DATA LISTING |
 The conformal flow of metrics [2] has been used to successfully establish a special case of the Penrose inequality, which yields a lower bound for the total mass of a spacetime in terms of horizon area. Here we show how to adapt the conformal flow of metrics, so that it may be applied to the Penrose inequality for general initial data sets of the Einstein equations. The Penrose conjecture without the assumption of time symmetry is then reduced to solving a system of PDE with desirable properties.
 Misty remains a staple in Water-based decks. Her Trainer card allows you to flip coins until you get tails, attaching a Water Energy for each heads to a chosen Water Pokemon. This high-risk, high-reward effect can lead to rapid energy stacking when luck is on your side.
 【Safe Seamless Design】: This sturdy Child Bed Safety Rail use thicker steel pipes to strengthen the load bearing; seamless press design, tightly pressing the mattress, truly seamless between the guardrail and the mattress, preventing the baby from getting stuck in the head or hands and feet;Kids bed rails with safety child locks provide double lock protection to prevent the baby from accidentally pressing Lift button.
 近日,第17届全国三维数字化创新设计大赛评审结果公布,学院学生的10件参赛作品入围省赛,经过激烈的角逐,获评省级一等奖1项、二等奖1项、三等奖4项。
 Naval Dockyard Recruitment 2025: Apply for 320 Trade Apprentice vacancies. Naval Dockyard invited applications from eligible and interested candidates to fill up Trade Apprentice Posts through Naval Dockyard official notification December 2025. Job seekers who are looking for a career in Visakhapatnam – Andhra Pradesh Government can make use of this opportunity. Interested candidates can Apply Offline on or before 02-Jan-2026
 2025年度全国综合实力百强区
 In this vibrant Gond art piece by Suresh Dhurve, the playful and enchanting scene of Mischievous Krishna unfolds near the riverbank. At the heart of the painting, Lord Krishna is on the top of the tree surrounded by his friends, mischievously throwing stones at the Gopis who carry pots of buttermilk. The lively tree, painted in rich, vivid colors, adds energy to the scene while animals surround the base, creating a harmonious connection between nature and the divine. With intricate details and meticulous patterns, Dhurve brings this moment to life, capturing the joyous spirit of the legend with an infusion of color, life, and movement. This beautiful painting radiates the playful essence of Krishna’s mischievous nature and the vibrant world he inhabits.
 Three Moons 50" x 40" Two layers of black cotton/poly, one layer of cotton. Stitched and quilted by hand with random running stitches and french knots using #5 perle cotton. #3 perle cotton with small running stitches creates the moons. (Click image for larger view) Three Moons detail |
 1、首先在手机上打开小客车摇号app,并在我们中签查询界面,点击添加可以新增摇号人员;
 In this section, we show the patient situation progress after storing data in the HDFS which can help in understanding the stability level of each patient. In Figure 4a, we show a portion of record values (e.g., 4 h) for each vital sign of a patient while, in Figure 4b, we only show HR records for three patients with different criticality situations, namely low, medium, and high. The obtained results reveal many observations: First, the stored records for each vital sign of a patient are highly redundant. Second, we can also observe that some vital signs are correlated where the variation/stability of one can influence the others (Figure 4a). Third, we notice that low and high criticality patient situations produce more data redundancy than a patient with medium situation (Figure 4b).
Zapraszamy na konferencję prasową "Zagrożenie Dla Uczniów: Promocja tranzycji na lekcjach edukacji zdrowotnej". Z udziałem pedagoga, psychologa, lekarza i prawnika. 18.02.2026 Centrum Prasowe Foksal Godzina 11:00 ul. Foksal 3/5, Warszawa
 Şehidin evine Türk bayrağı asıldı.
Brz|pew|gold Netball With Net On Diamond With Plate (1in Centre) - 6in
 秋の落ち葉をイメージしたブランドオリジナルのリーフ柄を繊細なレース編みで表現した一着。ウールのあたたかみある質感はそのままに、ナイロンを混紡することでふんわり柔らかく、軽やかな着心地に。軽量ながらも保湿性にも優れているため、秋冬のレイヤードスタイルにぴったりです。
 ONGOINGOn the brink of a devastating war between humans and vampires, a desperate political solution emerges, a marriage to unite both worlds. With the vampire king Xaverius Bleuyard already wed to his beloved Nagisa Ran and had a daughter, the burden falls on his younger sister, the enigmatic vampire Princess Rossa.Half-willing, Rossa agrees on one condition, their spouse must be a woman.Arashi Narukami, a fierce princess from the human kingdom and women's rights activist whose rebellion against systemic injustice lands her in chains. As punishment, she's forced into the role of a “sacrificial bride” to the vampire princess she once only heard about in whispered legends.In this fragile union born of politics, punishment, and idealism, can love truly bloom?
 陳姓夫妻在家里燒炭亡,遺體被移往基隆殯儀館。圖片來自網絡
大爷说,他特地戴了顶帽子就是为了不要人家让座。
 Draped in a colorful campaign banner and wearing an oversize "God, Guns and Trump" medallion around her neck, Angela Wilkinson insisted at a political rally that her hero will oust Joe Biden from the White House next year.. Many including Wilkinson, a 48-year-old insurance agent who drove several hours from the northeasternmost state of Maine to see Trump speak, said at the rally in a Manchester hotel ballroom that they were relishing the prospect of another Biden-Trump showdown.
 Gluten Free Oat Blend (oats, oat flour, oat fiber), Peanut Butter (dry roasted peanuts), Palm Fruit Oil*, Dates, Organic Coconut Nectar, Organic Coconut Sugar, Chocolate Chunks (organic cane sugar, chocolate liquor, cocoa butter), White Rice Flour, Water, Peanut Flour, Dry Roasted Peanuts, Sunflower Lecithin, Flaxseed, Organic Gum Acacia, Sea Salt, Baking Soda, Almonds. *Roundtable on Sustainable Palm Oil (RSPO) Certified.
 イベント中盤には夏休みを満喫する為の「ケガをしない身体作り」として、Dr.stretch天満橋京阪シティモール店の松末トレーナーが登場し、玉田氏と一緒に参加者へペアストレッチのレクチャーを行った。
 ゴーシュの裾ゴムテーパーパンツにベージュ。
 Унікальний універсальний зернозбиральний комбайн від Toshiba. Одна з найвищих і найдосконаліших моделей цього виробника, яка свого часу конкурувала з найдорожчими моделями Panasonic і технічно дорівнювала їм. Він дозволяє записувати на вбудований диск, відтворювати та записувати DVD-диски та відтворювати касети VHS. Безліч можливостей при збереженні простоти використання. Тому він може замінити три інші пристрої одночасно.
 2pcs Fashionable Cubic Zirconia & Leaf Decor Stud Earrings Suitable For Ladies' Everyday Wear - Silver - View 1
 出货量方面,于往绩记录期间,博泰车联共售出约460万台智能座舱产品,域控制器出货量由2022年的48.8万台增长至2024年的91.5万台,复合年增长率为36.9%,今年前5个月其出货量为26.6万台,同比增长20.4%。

WHAT YOU ARE ASKED TO DO |
From the data above, output exactly the lines between the one containing "In this vibrant" and the one containing "1、首先在手机上打开小客车摇", counting both of them.

RESPONSE FOR THIS EXERCISE |
 In this vibrant Gond art piece by Suresh Dhurve, the playful and enchanting scene of Mischievous Krishna unfolds near the riverbank. At the heart of the painting, Lord Krishna is on the top of the tree surrounded by his friends, mischievously throwing stones at the Gopis who carry pots of buttermilk. The lively tree, painted in rich, vivid colors, adds energy to the scene while animals surround the base, creating a harmonious connection between nature and the divine. With intricate details and meticulous patterns, Dhurve brings this moment to life, capturing the joyous spirit of the legend with an infusion of color, life, and movement. This beautiful painting radiates the playful essence of Krishna’s mischievous nature and the vibrant world he inhabits.
 Three Moons 50" x 40" Two layers of black cotton/poly, one layer of cotton. Stitched and quilted by hand with random running stitches and french knots using #5 perle cotton. #3 perle cotton with small running stitches creates the moons. (Click image for larger view) Three Moons detail |
 1、首先在手机上打开小客车摇号app,并在我们中签查询界面,点击添加可以新增摇号人员;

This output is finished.